> _Exercise goal_: Output each line exactly as written, from the first line of the records to the line bearing "22.03.2023 года подготовить", inclusive, while leaving every picture out.

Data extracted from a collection
= = = = =

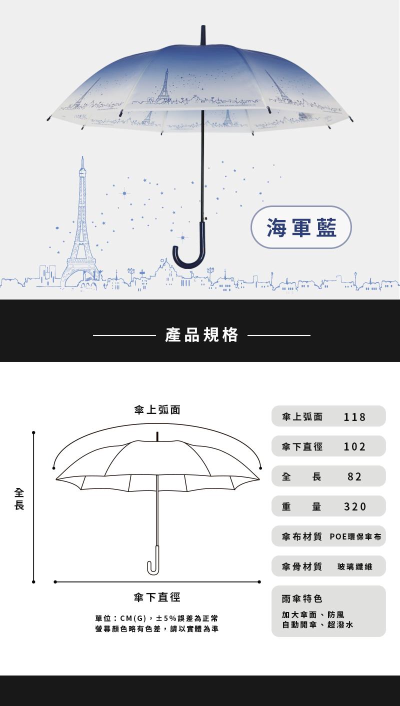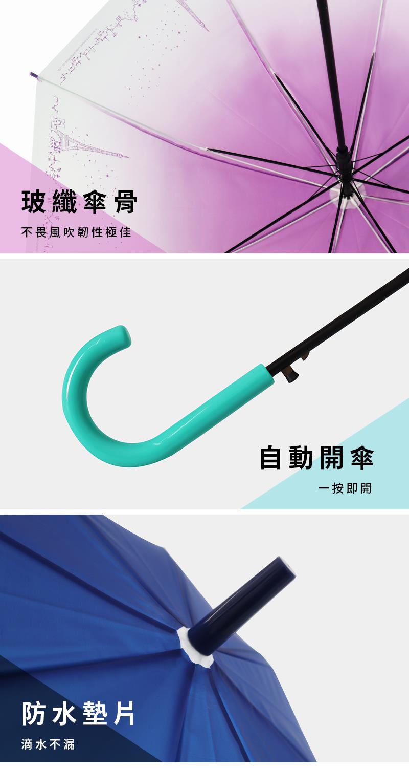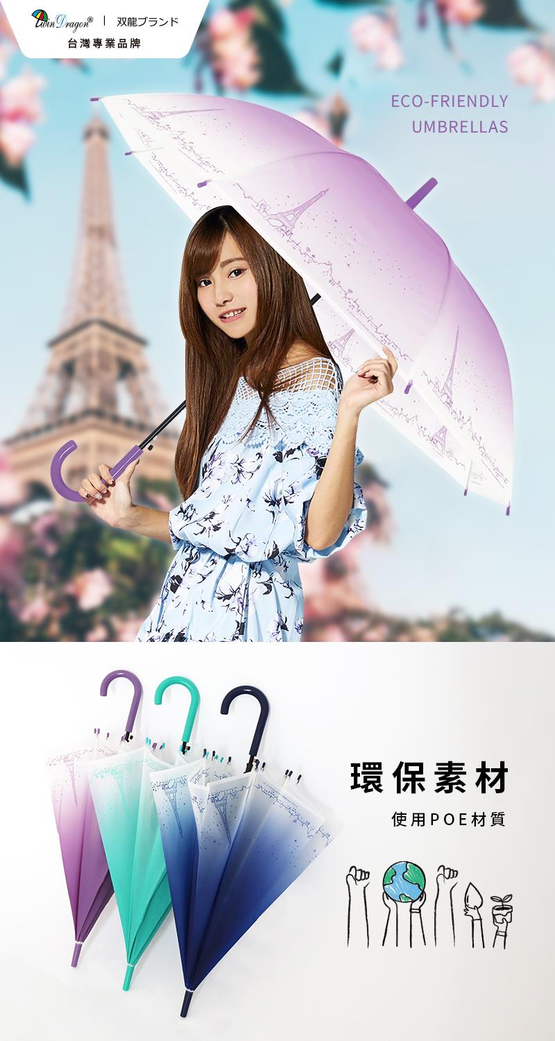 【雙龍牌】網美必備~巴黎文青環保自動傘 半透明傘果凍傘(加大傘面防風雨傘直立傘)A0557P
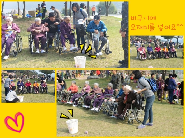 ▲▲▲ 바구니에 안에 오재미를 던지는 게임이에요^^ 실수도 있고 망설임도 많았지만~~ 어르신들 모두 열심히 하려는 모습만큼은 으뜸이었던 시간이었습니다.. ^^
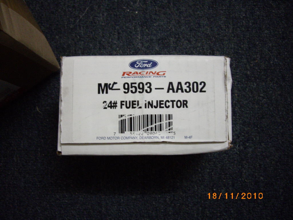 I bought a new set of Ford Motorsport injectors, they are 24 lb/hr instead of 18 like the std ones are, so I got 8 in a box from Hume Performance.
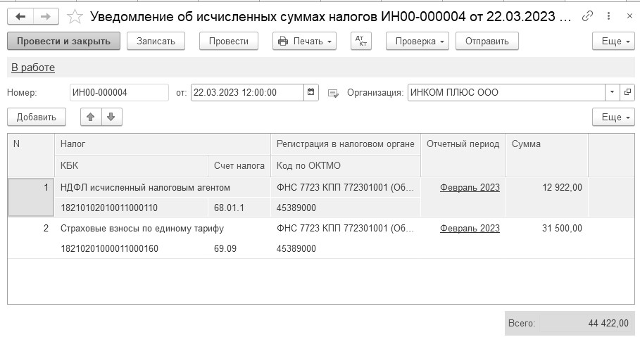 22.03.2023 года подготовить уведомление: по НДФЛ в сумме 12 922 руб. и страховые взносы по единому тарифу 31 500 руб. (рис. 8.6.6).
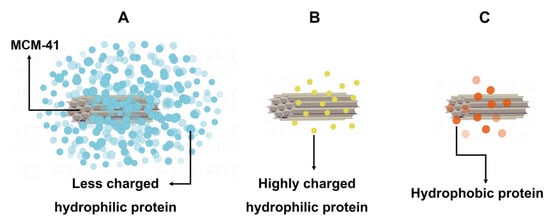 According to the above results, we hypothesized that there might be three patterns of interaction between MCM-41 and proteins (Figure 6). Firstly, BSA might follow a strong interaction pattern. It might have a strong interaction with MCM-41, which would decrease the fluorescence intensity of BSA and form a quenching complex, and as the concentration of MCM-41 increased, the amounts of bound proteins would increase, and the degree of fluorescence quenching would also increase. Additionally, this strong interaction pattern might lead to the results of strong secondary structure changes of BSA and its high adsorption capability on MCM-41. Secondly, Lyso might follow the moderate interaction pattern. It might interact with MCM-41 with moderate intensity, and only in the presence of high concentrations of MCM-41 could the fluorescence intensity of Lyso be inhibited, resulting in fluorescence quenching of Lyso. Additionally, this moderate interaction pattern might cause the consequences that the secondary structure change of Lyso was medium and its adsorption capability on MCM-41 was lower than BSA. Thirdly, BHb might follow a weak interaction pattern. It might have a weak interaction with MCM-41, the fluorescence intensity of BHb would not be suppressed without the formation of a quenching complex, and the fluorescence intensity would increase with the increase of MCM-41 concentration. Additionally, this weak pattern might result in smaller changes in BHb secondary structure and its weaker adsorption capability.
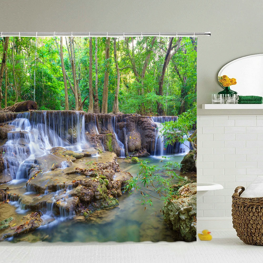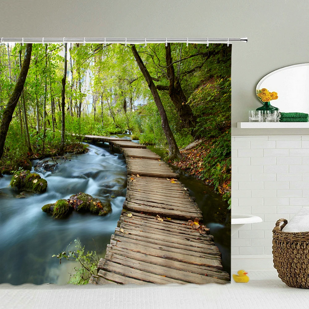 Лесной природный пейзаж, занавески для душа, высокое качество, водо...
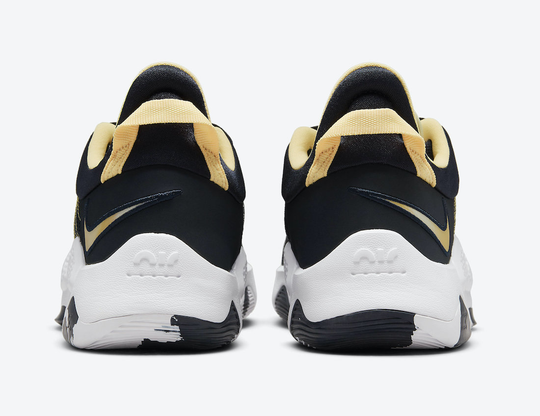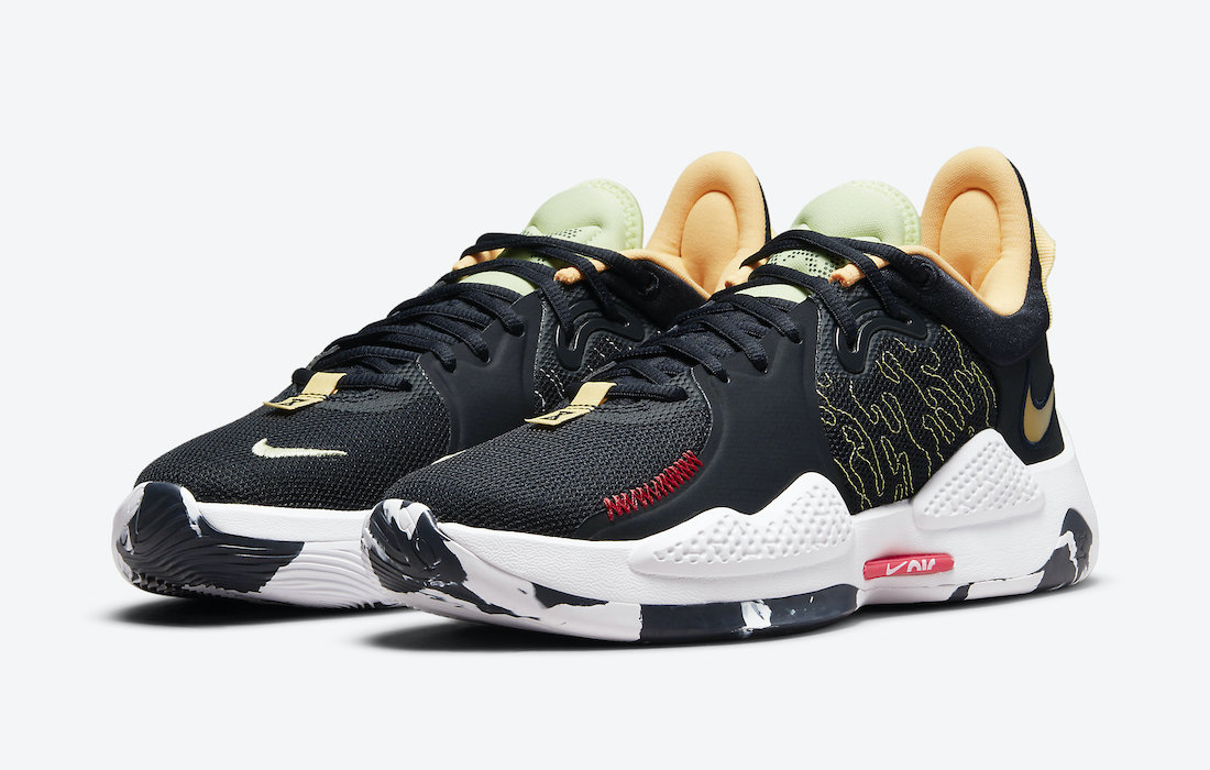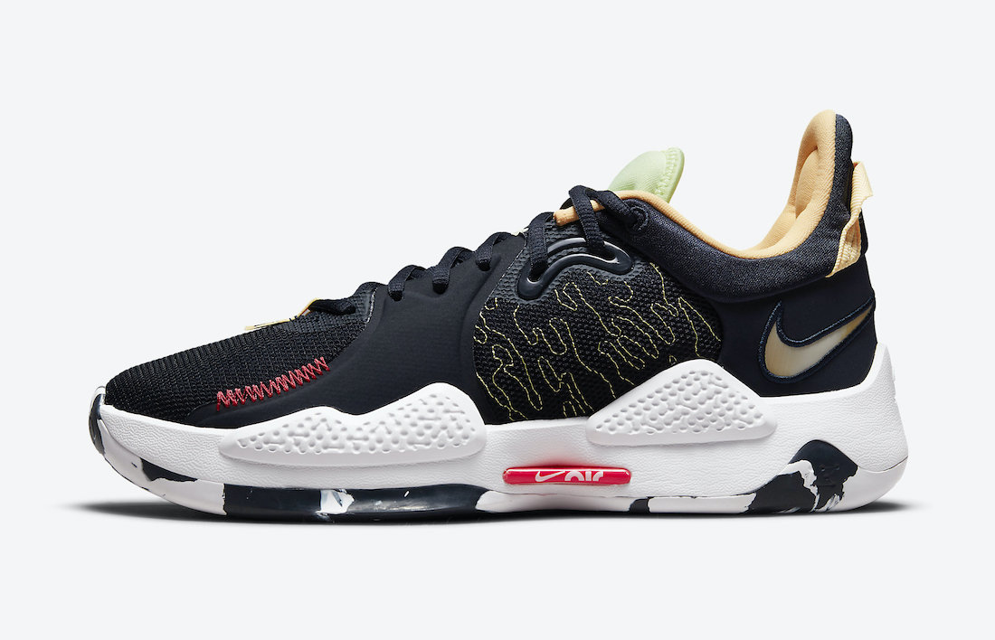 C’est l’un des meilleurs modèles du marché, mais aussi l’un des plus souvent soldés, et pourtant la PG5 n’est pas aussi populaire que d’autres modèles Nike. Pas certain que ce coloris casse la baraque, mais voici le “Navy Neon”, avec donc cette languette flashy, et ses renforts bien marqués au niveau du tendon d’Achille.

= = = = =

> _Solution to this task_:
 【雙龍牌】網美必備~巴黎文青環保自動傘 半透明傘果凍傘(加大傘面防風雨傘直立傘)A0557P
 ▲▲▲ 바구니에 안에 오재미를 던지는 게임이에요^^ 실수도 있고 망설임도 많았지만~~ 어르신들 모두 열심히 하려는 모습만큼은 으뜸이었던 시간이었습니다.. ^^
 I bought a new set of Ford Motorsport injectors, they are 24 lb/hr instead of 18 like the std ones are, so I got 8 in a box from Hume Performance.
 22.03.2023 года подготовить уведомление: по НДФЛ в сумме 12 922 руб. и страховые взносы по единому тарифу 31 500 руб. (рис. 8.6.6).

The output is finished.